(Dataset excerpts)
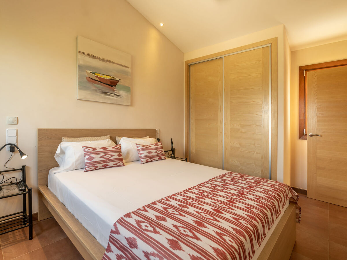 Spacieux, aménagement confortable et plaisant: 1 chambre double avec 1 grand-lit (160 cm, longueur 200 cm), TV (satellite), écran plat et ventilateur.
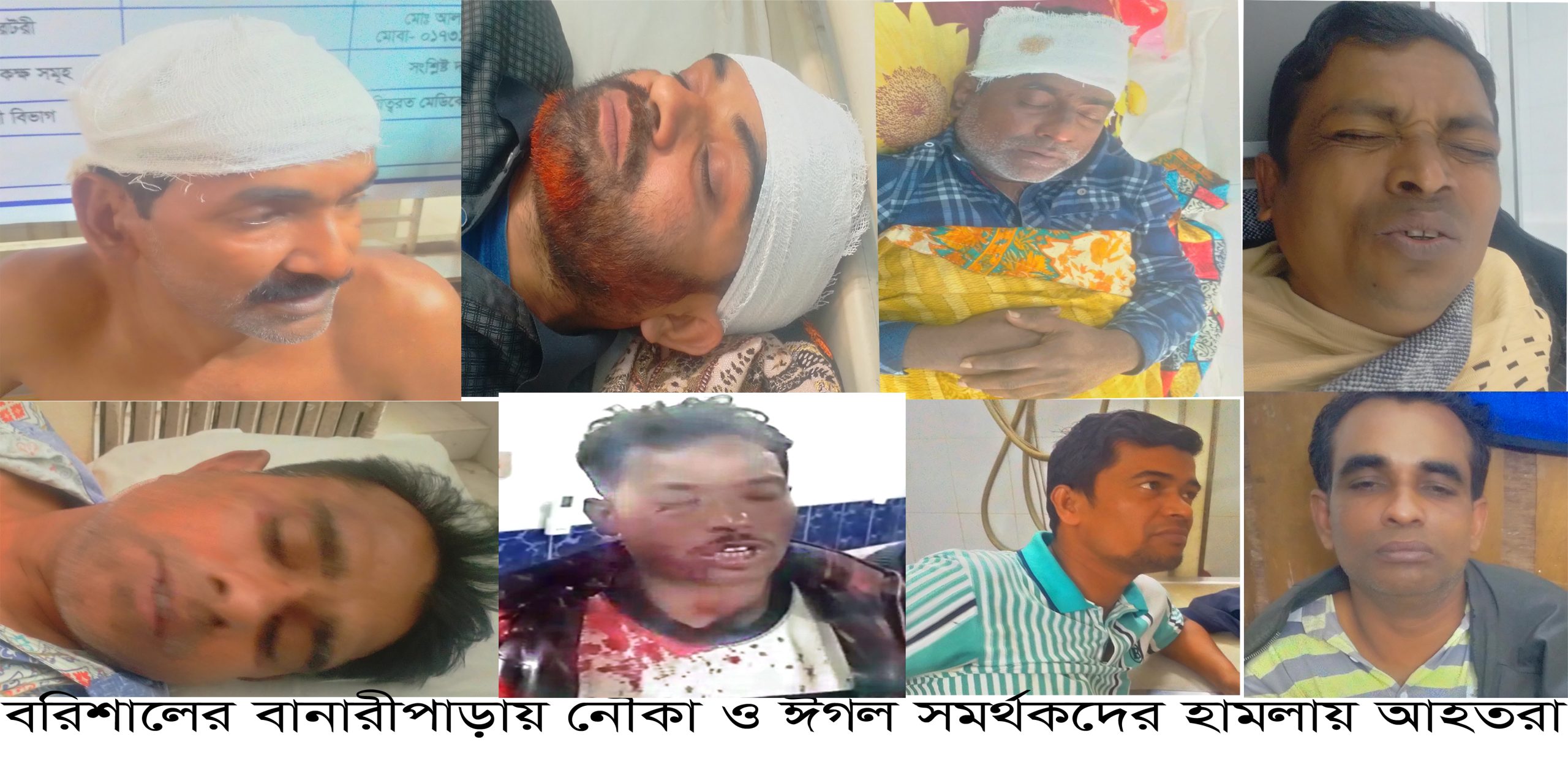 শান্তির জনপদ বরিশালের বানারীপাড়ায় নির্বাচনী সংঘাত-সহিংসতায় হঠাৎ করে অশান্ত হয়ে উঠেছে। ১৪ দলীয় জোটের প্রার্থী ওয়ার্কার্স পার্টির সভাপতি রাশেদ খান মেননের নৌকার সমর্থকদের ওপর স্বতন্ত্র প্রার্থী শেরে বাংলার দৌহিত্র একে ফাইয়াজুল হক রাজুর ঈগল প্রতীকের সমর্থকদের হামলা ও পাল্টা হামলার ঘটনায় ইউপি চেয়ারম্যানসহ ১৫-১৬জন নেতা-কর্মী আহত হয়েছেন। এসময় ১৪/১৫টি মটরসাইকেল পুড়িয়ে দেওয়া হয়েছে। ২ জানুয়ারী মঙ্গলবার দুপুরে উপজেলার বিশারকান্দি ইউনিয়নের বটতলা ও বাইশারী ইউনিয়নের পশ্চিম বাইশারী এলাকায় এ ঘটনা ঘটে। নির্বাহী ম্যাজিষ্ট্রেটের নেতৃত্বে ঘটনাস্থলে পুলিশ,র্যাব,বিজিবি ও আনসার সদস্যরা গিয়ে পরিস্থিতি নিয়ন্ত্রণে আনে। হামলায় গুরুতর আহত নৌকার সমর্থক বানারীপাড়া সদর ইউনিয়ন যুবলীগের সাবেক সাধারণ সম্পাদক মনির মল্লিক,উপজেলা ছাত্রলীগের সাবেক যুগ্ম আহবায়ক মু মুন্তাকিম লস্কর কায়েস,যুবলীগ নেতা মাসুম বিল্লাহ,আতিক বাপ্পী,মনির খান,পলাশ খান,সিরাজুল ইসলাম মিঠু,রাজু,শামীম,মিলন,জুয়েল ডাকুয়া,মনির খলিফা,মাসুম খান,রোকনুজ্জাামান রাসেল ও সিরাজ ফকির এবং ঈগলের সমর্থক সাইজউদ্দিনকে উপজেলা স্বাস্থ্য কমপ্লেক্সে ভর্তি ও চিকিৎসা দেওয়া হয়েছে। এছাড়া বিশারকান্দি ইউপি চেয়ারম্যান ও উপজেলা আওয়ামী লীগের কোষাধ্যক্ষ সাইফুল ইসলাম শান্ত প্রাথমিক চিকিৎসা নিয়েছেন। ইউপি চেয়ারম্যান সাইফুল ইসলাম শান্ত জানান,তারা ৭/৮ টি মটরসাইকেলে মঙ্গলবার দুপুরে ২০-২২ জন নেত-কর্মী নিয়ে বিশারকান্দি ইউনিয়নে গণসংযোগ শেষে বটতলা বাজারে পৌঁছলে হঠাৎ ৪০/৫০টি মটরসাইকেল নিয়ে ঈগলের সমর্থক যুবলীগ নেতা মহসিন,জুলহাস,তারেক,উজ্জ্বল ও সাইজউদ্দিনের নেতৃত্বে শতাধিক সমর্থক হাতুড়ি,লাঠিসোটা ও ধারালো অস্ত্র নিয়ে তাদের ওপর হামলা চালায়। এসময় মটরসাইকেলও ভাঙচুর করা হয়। এদিকে বিশারকান্দিতে নৌকার সমর্থকদের ওপর হামলার খবর পেয়ে উপজেলার পশ্চিম বাইশারী এলাকায় তাদের আটকানোর চেষ্টার সময় নৌকার সমর্থকদের সঙ্গে সংঘর্ষের ঘটনা ঘটে। এতে সেখানেও কয়েকজন আহত হন। এসময় ১৪-১৫টি মটরসাইকেলে অগ্নিসংযোগের ঘটনা ঘটে। খবর পেয়ে উপজেলা সহকারি কমিশনার (ভূমি) ও নির্বাহী ম্যাজিষ্ট্রেট আবুজর মো. ইজাজুল হকের নেতৃত্বে পুলিশ,র্যাব,বিজিবি ও আনসার সদস্যরা ঘটনাস্থলে গিয়ে পরিস্থিতি নিয়ন্ত্রনে আনেন। এদিকে এর প্রতিবাদে ওইদিন সন্ধ্যায় বানারীপাড়া পৌর শহরে উপজেলা চেয়ারম্যান ও উপজেলা আওয়ামী লীগের সভাপতি আলহাজ¦ গোলাম ফারুক এবং সাধারণ সম্পাদক অ্যাডভোকেট মাওলাদ হোসেন সানার নেতৃত্বে আওয়ামী লীগের নেতা-কর্মীরা বিক্ষোভ মিছিল বের করে। পরে দলীয় কার্যালয়ে এক প্রেসব্রিফিংয়ে উপজেলা আওয়ামী ল
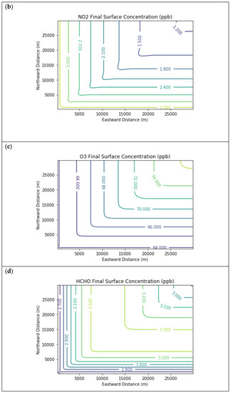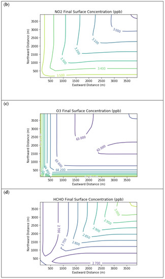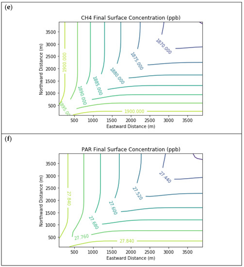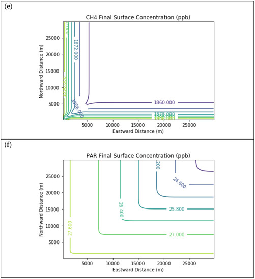 Figure 6 displays surface concentration isopleths for ozone and key precursors for the Baseline scenario, but for the larger 30 km × 30 km domain. In this scenario, the downwind edge of the far-field domain surpassed the inflow ozone concentration due to longer-range photochemical reactions, which also consumed NOx down to about a third of the boundary conditions. Meanwhile, the far-field methane concentration decayed nearly to the global background value with no interior sources in the domain. Formaldehyde peaked in the interior of the far-field domain at 3.3 ppb due to secondary formation.
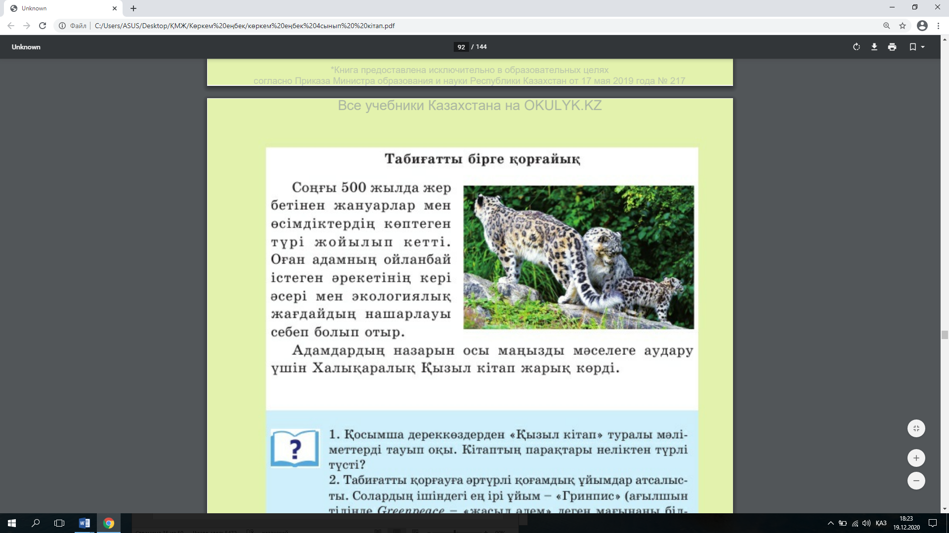 1.Қосымша дерреккөздерден «Қызыл кітап» туралы мәліметтерді тауып оқы. |
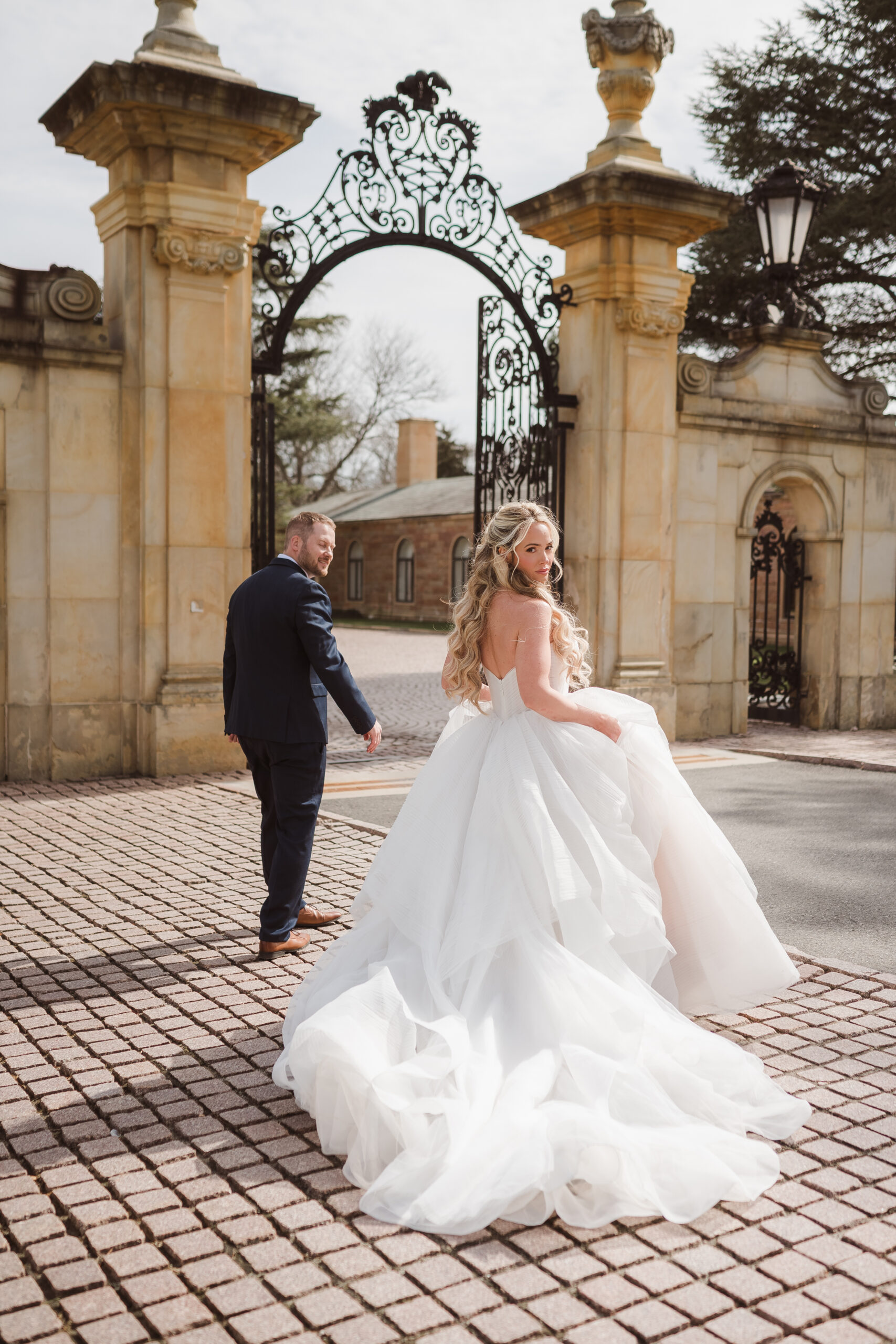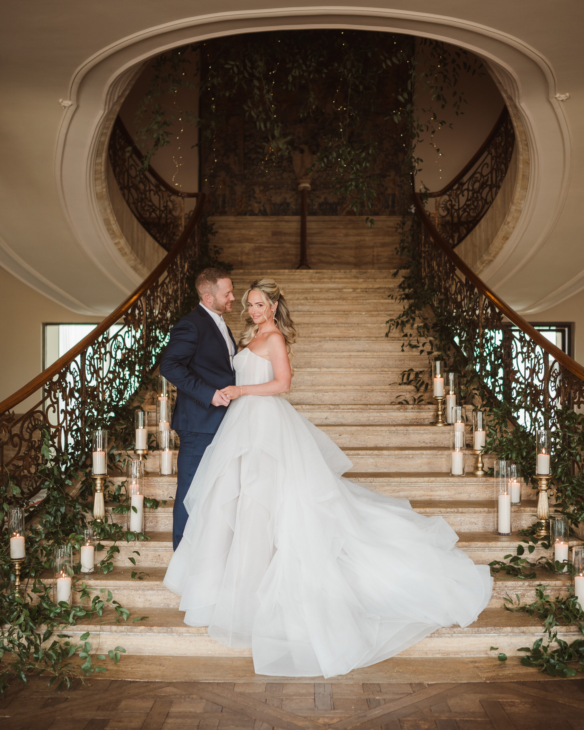 If you’re planning your wedding at Jasna Polana, you’ve probably noticed there are so many beautiful places to take photos. The key is choosing the right ones for your newlywed photos, not all of them. Most couples have about 30–60 minutes for portraits. I recommend 90 minutes if you can so you have more time to take photos without feeling rushed and get to go take portraits at the locations around Jasna Polana that remind you why you chose it in the first place. If you have an hour, choose three locations. If you have 30 minutes, stick to your top two so you don’t feel rushed. Keep in mind, many of the best photo spots at Jasna Polana are out in the open. If you want to stay hidden before your ceremony, plan your photos before guests arrive. The grand staircase entrance is a favorite (and must have) for family photos. If you want to use it, have your floral team finish the entrance setup at least two hours before guest arrival so it’s fully photo-ready. Group photos with the wedding party should be taken at the staircase or wherever your last stop is for newlywed portraits for a seamless and easy flow to your wedding day schedule.
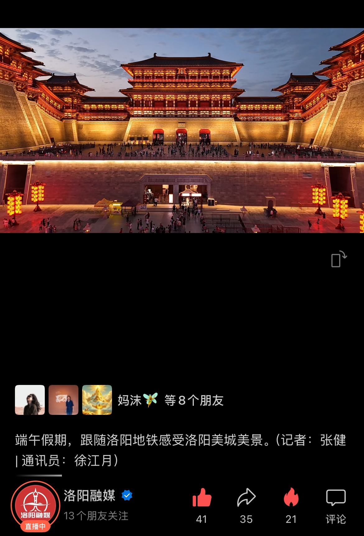6月23日,由2023级广播电视编导专业徐江月同学创作的航拍短视频在洛阳轨道交通平台播出,该作品以洛阳各个地铁站点为拍摄对象,凭借独特的视角、精湛的拍摄技艺,展现了洛阳地铁的风采面貌。作品先后被洛阳融媒和洛阳轨道交通官方平台推送,引发了广泛关注,是我院学子课程育人实践成果的又一体现。
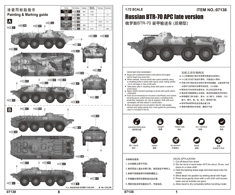 Trumpeter 07138 1/72 Russian BTR-70 APC late version
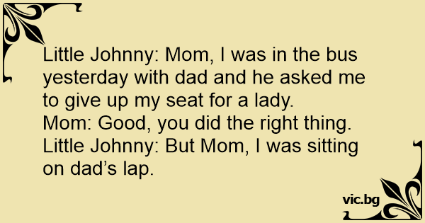 Little Johnny: But Mom, I was sitting on dad’s lap.
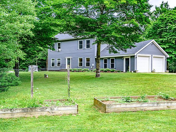 Don't miss out on this stunning and meticulously maintained home in Bowdoin, Maine! Situated on a private lot spanning over 4 acres, the property welcomes you with beautiful landscaping that offers endless opportunities to tailor to your personal taste. Enjoy the expansive yard, complete with raised garden beds, a spacious deck, a fire pit patio, and a relaxing hot tub. Upon entering, you're greeted by a large mudroom and convenient half bathroom, leading seamlessly into the spacious kitchen and adjoining dining room. Upstairs, discover a large office space, a full bathroom, two bedrooms, and a generously sized primary bedroom featuring its own bathroom and walk-in closet. The basement provides ample storage or the potential for additional finished living space. A detached two-car garage with a versatile second-floor area offers endless possibilities for customization. This property truly has it all—schedule a showing today before it's gone!
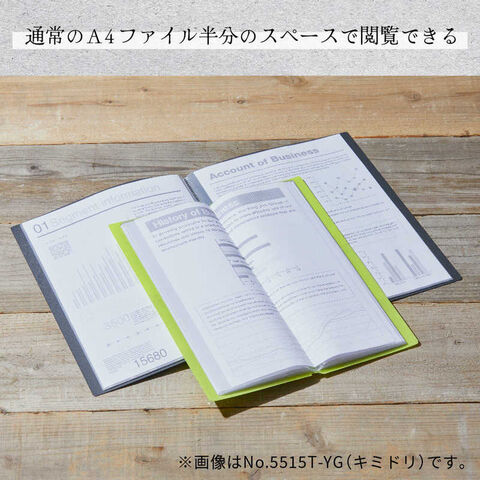 ●クリアーファイルは、通常のA4ファイル半分のスペースで閲覧できる。

What the task requires. Please restate the entries word for word. Skip the pictures.

Answer for this exercise.
 Spacieux, aménagement confortable et plaisant: 1 chambre double avec 1 grand-lit (160 cm, longueur 200 cm), TV (satellite), écran plat et ventilateur.
 শান্তির জনপদ বরিশালের বানারীপাড়ায় নির্বাচনী সংঘাত-সহিংসতায় হঠাৎ করে অশান্ত হয়ে উঠেছে। ১৪ দলীয় জোটের প্রার্থী ওয়ার্কার্স পার্টির সভাপতি রাশেদ খান মেননের নৌকার সমর্থকদের ওপর স্বতন্ত্র প্রার্থী শেরে বাংলার দৌহিত্র একে ফাইয়াজুল হক রাজুর ঈগল প্রতীকের সমর্থকদের হামলা ও পাল্টা হামলার ঘটনায় ইউপি চেয়ারম্যানসহ ১৫-১৬জন নেতা-কর্মী আহত হয়েছেন। এসময় ১৪/১৫টি মটরসাইকেল পুড়িয়ে দেওয়া হয়েছে। ২ জানুয়ারী মঙ্গলবার দুপুরে উপজেলার বিশারকান্দি ইউনিয়নের বটতলা ও বাইশারী ইউনিয়নের পশ্চিম বাইশারী এলাকায় এ ঘটনা ঘটে। নির্বাহী ম্যাজিষ্ট্রেটের নেতৃত্বে ঘটনাস্থলে পুলিশ,র্যাব,বিজিবি ও আনসার সদস্যরা গিয়ে পরিস্থিতি নিয়ন্ত্রণে আনে। হামলায় গুরুতর আহত নৌকার সমর্থক বানারীপাড়া সদর ইউনিয়ন যুবলীগের সাবেক সাধারণ সম্পাদক মনির মল্লিক,উপজেলা ছাত্রলীগের সাবেক যুগ্ম আহবায়ক মু মুন্তাকিম লস্কর কায়েস,যুবলীগ নেতা মাসুম বিল্লাহ,আতিক বাপ্পী,মনির খান,পলাশ খান,সিরাজুল ইসলাম মিঠু,রাজু,শামীম,মিলন,জুয়েল ডাকুয়া,মনির খলিফা,মাসুম খান,রোকনুজ্জাামান রাসেল ও সিরাজ ফকির এবং ঈগলের সমর্থক সাইজউদ্দিনকে উপজেলা স্বাস্থ্য কমপ্লেক্সে ভর্তি ও চিকিৎসা দেওয়া হয়েছে। এছাড়া বিশারকান্দি ইউপি চেয়ারম্যান ও উপজেলা আওয়ামী লীগের কোষাধ্যক্ষ সাইফুল ইসলাম শান্ত প্রাথমিক চিকিৎসা নিয়েছেন। ইউপি চেয়ারম্যান সাইফুল ইসলাম শান্ত জানান,তারা ৭/৮ টি মটরসাইকেলে মঙ্গলবার দুপুরে ২০-২২ জন নেত-কর্মী নিয়ে বিশারকান্দি ইউনিয়নে গণসংযোগ শেষে বটতলা বাজারে পৌঁছলে হঠাৎ ৪০/৫০টি মটরসাইকেল নিয়ে ঈগলের সমর্থক যুবলীগ নেতা মহসিন,জুলহাস,তারেক,উজ্জ্বল ও সাইজউদ্দিনের নেতৃত্বে শতাধিক সমর্থক হাতুড়ি,লাঠিসোটা ও ধারালো অস্ত্র নিয়ে তাদের ওপর হামলা চালায়। এসময় মটরসাইকেলও ভাঙচুর করা হয়। এদিকে বিশারকান্দিতে নৌকার সমর্থকদের ওপর হামলার খবর পেয়ে উপজেলার পশ্চিম বাইশারী এলাকায় তাদের আটকানোর চেষ্টার সময় নৌকার সমর্থকদের সঙ্গে সংঘর্ষের ঘটনা ঘটে। এতে সেখানেও কয়েকজন আহত হন। এসময় ১৪-১৫টি মটরসাইকেলে অগ্নিসংযোগের ঘটনা ঘটে। খবর পেয়ে উপজেলা সহকারি কমিশনার (ভূমি) ও নির্বাহী ম্যাজিষ্ট্রেট আবুজর মো. ইজাজুল হকের নেতৃত্বে পুলিশ,র্যাব,বিজিবি ও আনসার সদস্যরা ঘটনাস্থলে গিয়ে পরিস্থিতি নিয়ন্ত্রনে আনেন। এদিকে এর প্রতিবাদে ওইদিন সন্ধ্যায় বানারীপাড়া পৌর শহরে উপজেলা চেয়ারম্যান ও উপজেলা আওয়ামী লীগের সভাপতি আলহাজ¦ গোলাম ফারুক এবং সাধারণ সম্পাদক অ্যাডভোকেট মাওলাদ হোসেন সানার নেতৃত্বে আওয়ামী লীগের নেতা-কর্মীরা বিক্ষোভ মিছিল বের করে। পরে দলীয় কার্যালয়ে এক প্রেসব্রিফিংয়ে উপজেলা আওয়ামী ল
 Figure 6 displays surface concentration isopleths for ozone and key precursors for the Baseline scenario, but for the larger 30 km × 30 km domain. In this scenario, the downwind edge of the far-field domain surpassed the inflow ozone concentration due to longer-range photochemical reactions, which also consumed NOx down to about a third of the boundary conditions. Meanwhile, the far-field methane concentration decayed nearly to the global background value with no interior sources in the domain. Formaldehyde peaked in the interior of the far-field domain at 3.3 ppb due to secondary formation.
 1.Қосымша дерреккөздерден «Қызыл кітап» туралы мәліметтерді тауып оқы. |
 If you’re planning your wedding at Jasna Polana, you’ve probably noticed there are so many beautiful places to take photos. The key is choosing the right ones for your newlywed photos, not all of them. Most couples have about 30–60 minutes for portraits. I recommend 90 minutes if you can so you have more time to take photos without feeling rushed and get to go take portraits at the locations around Jasna Polana that remind you why you chose it in the first place. If you have an hour, choose three locations. If you have 30 minutes, stick to your top two so you don’t feel rushed. Keep in mind, many of the best photo spots at Jasna Polana are out in the open. If you want to stay hidden before your ceremony, plan your photos before guests arrive. The grand staircase entrance is a favorite (and must have) for family photos. If you want to use it, have your floral team finish the entrance setup at least two hours before guest arrival so it’s fully photo-ready. Group photos with the wedding party should be taken at the staircase or wherever your last stop is for newlywed portraits for a seamless and easy flow to your wedding day schedule.
6月23日,由2023级广播电视编导专业徐江月同学创作的航拍短视频在洛阳轨道交通平台播出,该作品以洛阳各个地铁站点为拍摄对象,凭借独特的视角、精湛的拍摄技艺,展现了洛阳地铁的风采面貌。作品先后被洛阳融媒和洛阳轨道交通官方平台推送,引发了广泛关注,是我院学子课程育人实践成果的又一体现。
 Trumpeter 07138 1/72 Russian BTR-70 APC late version
 Little Johnny: But Mom, I was sitting on dad’s lap.
 Don't miss out on this stunning and meticulously maintained home in Bowdoin, Maine! Situated on a private lot spanning over 4 acres, the property welcomes you with beautiful landscaping that offers endless opportunities to tailor to your personal taste. Enjoy the expansive yard, complete with raised garden beds, a spacious deck, a fire pit patio, and a relaxing hot tub. Upon entering, you're greeted by a large mudroom and convenient half bathroom, leading seamlessly into the spacious kitchen and adjoining dining room. Upstairs, discover a large office space, a full bathroom, two bedrooms, and a generously sized primary bedroom featuring its own bathroom and walk-in closet. The basement provides ample storage or the potential for additional finished living space. A detached two-car garage with a versatile second-floor area offers endless possibilities for customization. This property truly has it all—schedule a showing today before it's gone!
 ●クリアーファイルは、通常のA4ファイル半分のスペースで閲覧できる。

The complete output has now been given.